Global optical networking market set for solid growth
Source: Ovum
The global optical networking market will grow at a year-over-year rate of 5 percent through 2019. So claims market research firm, Ovum, in its optical networking forecast for 2013 to 2019. North America will lead the market growth, with data centre deployments and demand for 100 Gigabit being the main drivers.
The building of data centres drives demand for optical interconnect. "It [data centre operators] is almost a new category of buyer," says Ian Redpath, principal analyst, network infrastructure at Ovum. The segment is growing faster than telco spending on fixed and mobile networks.
"This whole phenomenon of the large data centre operators is more pronounced in North America, and we think that will continue throughout the forecast period," says Redpath.
Demand for 100 Gigabit is coming from several segments: large incumbent operators, cable operators and internet content service providers. "All these entities are buying a technology [100 Gig] that is prime time," says Redpath.
Asia Pacific will be the region with the second largest growth for the forecast period, at 4.4 percent compound annual growth rate (CAGR).
The deployment of optical equipment in China and Japan was down in 2013: China dipped 6 percent while Japan was down a huge 23 percent compared to 2012 market demand.
The underlying trend in China is one of growth, with the optical market valued at US $3 billion. "They just had to have a pause," says Redpath, who points out that the Chinese market has tripled in a relatively short period. "They are now retooling for the next big thing: LTE; it it just a matter of time," he says. The deployment of 100 Gig, by the large three domestic operators, may start by the year end or spill into 2015.
Optics is the foundation of an industry that is growing
Japan's sharp decline in 2013 follows massive growth in 2012, the result of replacing networks lost following the 2011 earthquake and tsunami. "That was a one-time bump followed by a one-time reset, with the market now back to normal," says Redpath.
Meanwhile, the EMEA optical networking market will growth at 4.1 percent. "This is a pretty modest growth rate, with more upside coming in the latter period," says Redpath. "The operators have been neglecting their core for so long, they are going to have to come back and reinvest."
Ovum says the weakness of the European market will run its course during the forecast period and expects Europe's northern countries - the UK and Germany - to lead the recovery, followed by the likes of Spain, Italy and Greece.
The market research firm singles out the UK market as being particularly dynamic, and an economy that will lead Europe out of recession. "It is probably closer to the North America market than any other country in terms of competitors and non-carrier spending," says Redpath. "The UK is also one of the leading data centre markets in the world."
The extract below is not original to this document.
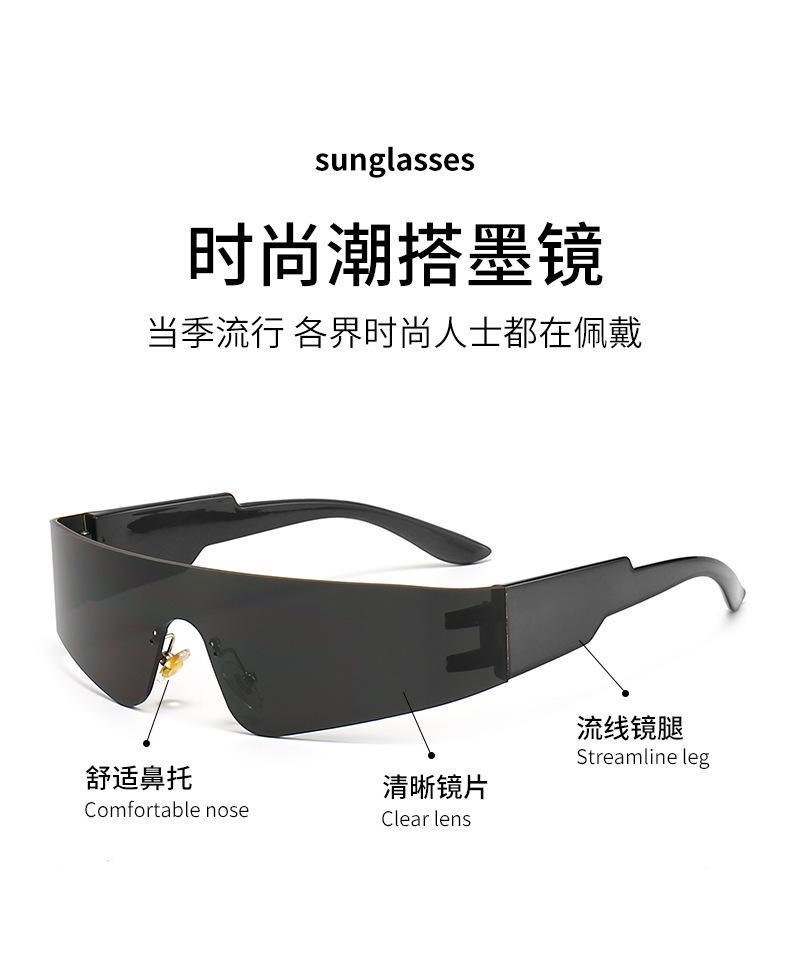 사이버 펑크 미래 기술 프레임리스 선글라스 트렌디 남성용 핫 걸스 라이딩 스트리트 샷 선글라스 여성스토어 가기

Ovum remains upbeat about the long-term prospects of the global optical networking market. "Optics is the foundation of an industry that is growing," says Redpath.
He also points to recent developments in the net neutrality debate, and cites how over-the-top TV and film player, Netflix, has signed agreements with telecom and cable operators. "If over-the-top players realise that they can't keep free-riding on these networks, and to get performance they give a little money to the telcos, then that is a good thing for the ultimate food chain," says Redpath.